Short story. Hey, get back here! It's short!!:
One day long ago my Mom took me to an orientation to meet my future kindergarten class teacher. Mrs. Senor was soft-spoken and kind. After the grownups talked, Mrs. Senor asked if there was something in the classroom I would like to play with. I looked around the room and saw kids drawing with crayons as big as Prest-O logs, building with monolithic wooden blocks, looking into picture books that, to me, smelled like buttermilk and so on. Then I saw a girl standing in front of an easel. She was painting a house with a sun in the sky.
"I want to do that!," I said pointing impolitely at the talented girl. So Mrs. Senor took me over to an easel that held a large pad of newsprint paper and a tray of gritty water-based poster paints in old mayonnaise jars. She put an apron on me and turned me loose.
I asked Mom what I should draw. Paint as a verb isn't in a child's vocabulary. All illustrations are still drawings at that age. Mom said to paint whatever I wanted. I stared at the blank paper. I couldn't think of anything.
"Mom, I don't know what to draw," I whined.
I stared at that blank paper for what felt like an eternity. I stirred the brushes in the paint jars admiring the colors but for the life of me I couldn't figure out what to paint let alone how to paint.
So I did what all frustrated kids do. I cried.
All day long I felt miserable. I really wanted to draw a painting but I couldn't figure out how and I regretted not having tried harder. This memory stayed with me all these years and I can recall it all too well even now.
Yet here I am, an artist. And I get paid to draw.
Admit it. All artists have bad days. I mean really, really bad days. Days when creating something is like pulling teeth from a shark. We become crippled by creative blocks. We become intimidated by a blank canvas. We stare at our canvas or sketchbook, lump of sculpting clay, camera, piano, etc... and can't think of what to draw. We procrastinate, allow ourselves to be distracted and make excuses. We cry.

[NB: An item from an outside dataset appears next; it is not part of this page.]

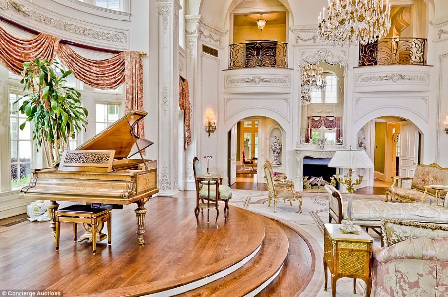 Goldfield开了一家蜂窝移动电话供货公司,赚的盆满钵满,他耗资5200万美元(约合人民币3.54亿元)、历时4年,终于在2002年建成这栋别墅。他建造这栋别墅也是为致敬巴黎郊外的一座17世纪城堡。图为别墅内景。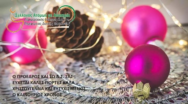 Ο Πρόεδρος και το Δ.Σ. του Συλλόγου Ατόμων με Αναπηρία Περιφερειακής Ενότητας Κοζάνης Περιφέρειας Δυτικής Μακεδονίας σας εύχεται καλές γιορτές, καλά Χριστούγεννα και ευτυχισμένος ο νέος χρόνος!

All artists know the solution: put paint on your brush and just do it. Sometimes it's hard. Sometimes we just need to push ourselves harder than usual. We create. That's just how we're made. So what do I do when this happens?
Meet my alter-ego.
His name is Dab.
He's a hedgehog.
He's an artist.
His nemesis is the dreaded Blank Canvas.
Blank Canvas often has a mind of his own and will intentionally foil Dab.
Dab needs to paint but he is often troubled, creatively blocked and easily distracted.
He is me.
This is the first of many cartoons to come. My goal is 52 comic strips, one for each week of the year. I will post a new one each week but only once the set is complete. Hopefully I'll fulfill this goal and find a way to publish these.
I hope you enjoy it and please, wish me luck. I don't know what to draw.